### Directions
Copy task. Retype the whole listing exactly, omitting any picture in it.

**** Data segment

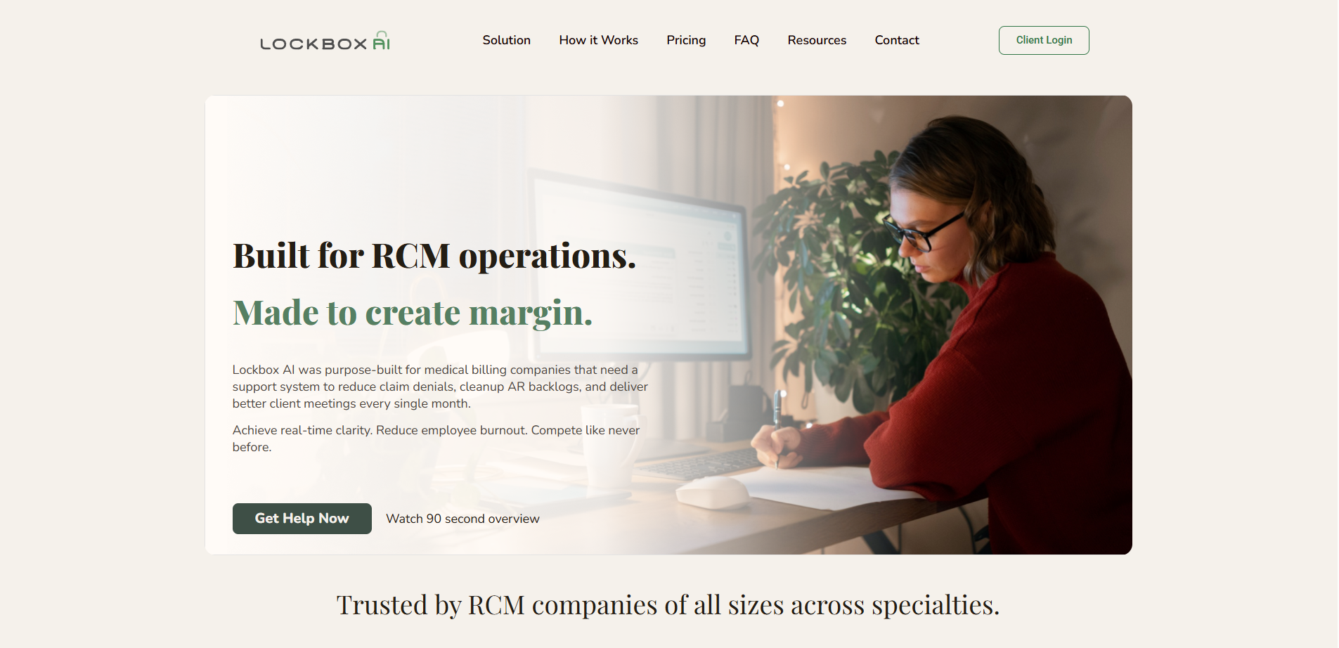 Designed a clean, conversion-focused website for an RCM SaaS platform. Built to clearly communicate value, build trust with medical billing companies, and drive demos and inquiries. The site features strong headline messaging, clear CTAs, responsive design.
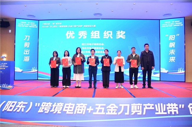 颁奖仪式上,颁奖嘉宾依次为获奖项目和单位颁奖。沉甸甸的奖牌与荣誉证书,不仅是对参赛主体创新实践的肯定,更是对阳东跨境电商+五金刀剪产业融合发展的期许。
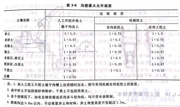 ⑧. 开挖管道沟槽或路堑时,要根据土质、地下水情况和开挖深度,确定合理的边坡坡度。

********

### Response to the task
 Designed a clean, conversion-focused website for an RCM SaaS platform. Built to clearly communicate value, build trust with medical billing companies, and drive demos and inquiries. The site features strong headline messaging, clear CTAs, responsive design.
 颁奖仪式上,颁奖嘉宾依次为获奖项目和单位颁奖。沉甸甸的奖牌与荣誉证书,不仅是对参赛主体创新实践的肯定,更是对阳东跨境电商+五金刀剪产业融合发展的期许。
 ⑧. 开挖管道沟槽或路堑时,要根据土质、地下水情况和开挖深度,确定合理的边坡坡度。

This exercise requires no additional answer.